After a successful Society conference, the IR community has returned to the familiar challenges from politics, regulation and markets. Richard Davies reviews the trends, particularly in corporate governance.
The IR Society conference in June affirmed several of the trends long discussed in this column:
- the rise of passive investment, leading to the increasing importance of ESG issues to the working lives of IROs;
- the changing qualities of the sell-side and buy-side as MiFID II finally starts to bite;
- the challenge for public companies to find capital in an equity market which no longer supports them as it used to do;
- the shrinking of public equity in terms of number of companies listed in the UK and beyond; and
- the difficulties of squaring sustainability with the continued quest for growth.
As ever, it was easier to pose the question than find the answer but at least there was lively debate and the will to keep on trying to find the solution.
Like many others, I was struck by the impression of the IR profession in the UK being placed at the centre of capital market changes, good and bad, but also as reactive and informed by the wider economic and political realities of the current situation.
It seemed difficult to posit any way forward on any issue when our general future as a nation remains, to use that now hackneyed adjective, uncertain. In a world where our potential (and, as I type, seemingly likely if only perhaps initially for a few short days) future prime minister, has given an expletive-led rant about British business, it is difficult for any profession to imagine its future or set itself any goals.
We find ourselves in a perfect storm of regulatory change, structural shifts in markets and an increasing focus on non- directly financial issues such as sustainability, which were until only recently viewed as niche and marginal.
The governance debate
Life has become more difficult for the IRO but the new paradigm also brings new opportunities. As discussed in previous columns, this is a chance for IROs to take charge of the governance and wider ESG story at public companies and make IR a wider brief, the hub of how companies explain themselves to the markets.

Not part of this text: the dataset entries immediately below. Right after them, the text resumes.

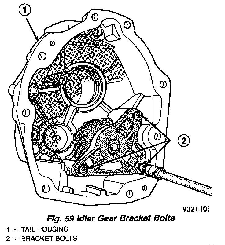 1. Remove the idler gear bracket bolts (Fig. 59). Then remove the bracket.
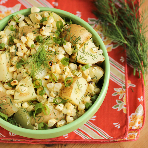 Lightened-up, tangy potato salad made with grilled corn, green onions, and fresh dill.
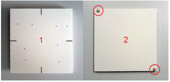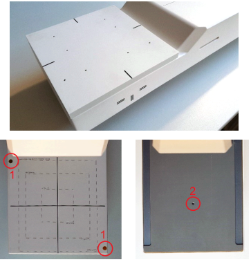 The topside (1) of the fiducial plate has 8 stainless steel pins (2 mm in diameter) and alignment markers. The bottom (2) of the plate contains two alignment pins to affix it to the myQA SRS Cyberknife detector.
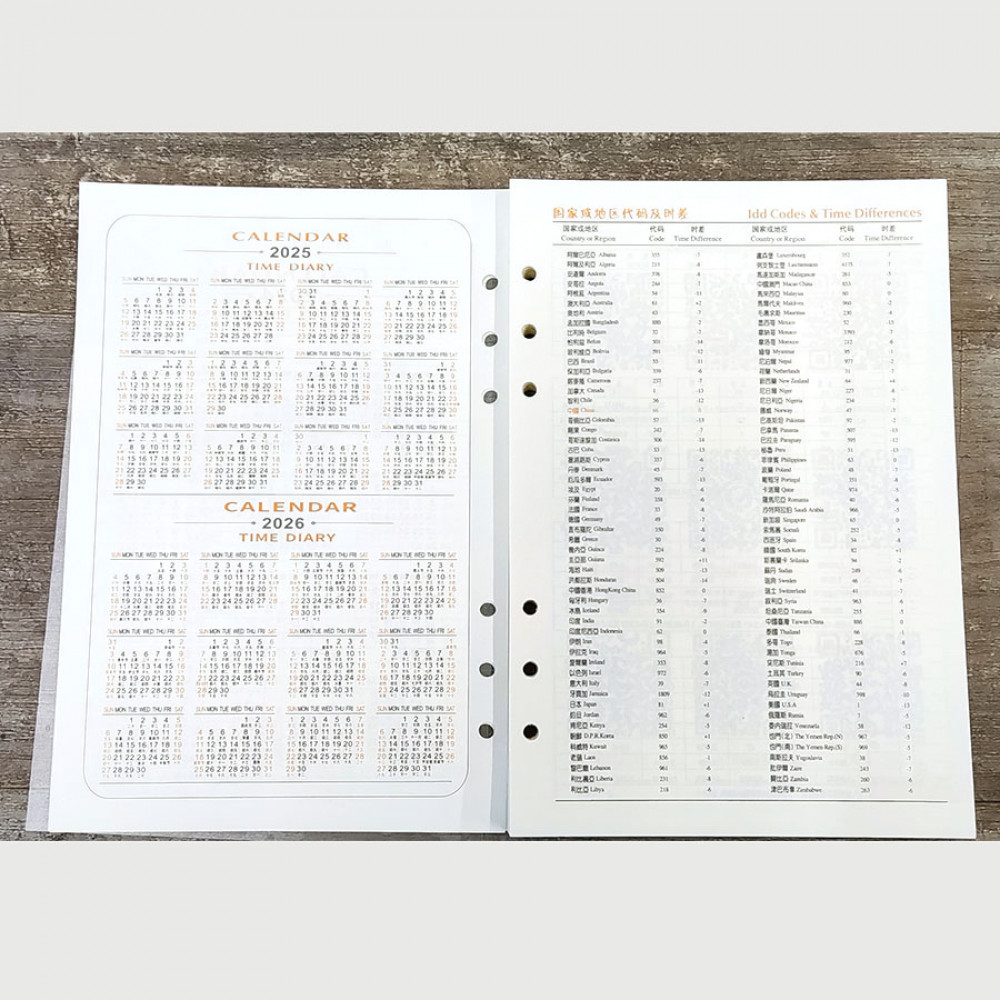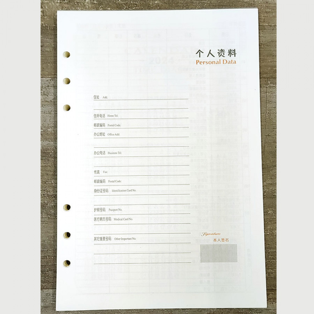 Сменный внутренний бумажный блок для ежедневников с календарем, разделом для записи контактов и пр.

We know increasing numbers of IROs are seeing themselves as the centre of the governance debates at their companies, working with their company secretary teams to produce the best outcomes at AGMs (by way of consolidated outreach campaigns to portfolio and governance fund managers and analysts at both active and passive managers), ensuring that the reporting on non-financial metrics and general ESG issues is to the highest quality and appropriately focused, and building towards a situation where investors believe that ESG concerns are ‘baked-in’ to the business in terms of board conviction.
Of course, boards have to believe in all this for this to really work but there has been a major shift in attitudes in recent years, driven by the realisation that not only do increasing numbers of investors take these issues seriously but also that their own roles are at stake in the new harsh world of annual re-election.
The challenges of ESG
ESG has seriously gone mainstream and so quickly – the rate of change of uplift of interest in this issue in IR in the UK is phenomenal (as witnessed by our recent conference). The challenges of the industry remain:
- the lack of a common measurement of value (which would help develop the theory of social accounting and provide a quantitative financial modelling scenario);
- the over-abundance of rating agencies whose similar questionnaires clog up the inboxes of UK plc;
- the reliance (whatever they may say) of investors on ratings agencies to influence investment decisions, with the unintended consequence of box- ticking having significant power over the life of the company potentially;
- the lack of a centralised common format for ESG reporting which encourages multiple overlapping data points for similar data categories with correlated time-wasting by companies filling out forms;
- the lack of a regulated framework within which rating agencies should operate, other than the generic market regime, which can produce market distortions not helpful to either issuers or investors; and
- the trend towards process becoming more important than insight, with safety found by companies in boiler-plate disclosure and investors moving more to an AI investment approach based on a quantitative rating of company behaviour.
We are still in the early days of ESG. The sector and issuers are still finding their feet, both in terms of understanding what should be reported and how. Given that some of the issues in the space have become partly political – the current emphasis by the government on the application of Section 172 of the Companies Act being a good example – these are debates that are only beginning. It is very sad therefore that during these turbulent times, one of the wisest minds of the governance world, Peter Montagnon, has recently suddenly passed away. As one of the godfathers of UK governance, Peter could always be relied upon to provide honest, intellectually robust and always useful insights into how the sector should develop.
A dear friend and a member of my company’s advisory board, I treasured his wit and grace, and I shall miss him deeply. I dedicate this piece of writing to Peter and give thanks for his contribution to our industry in ways we have yet to understand fully. May he rest in peace.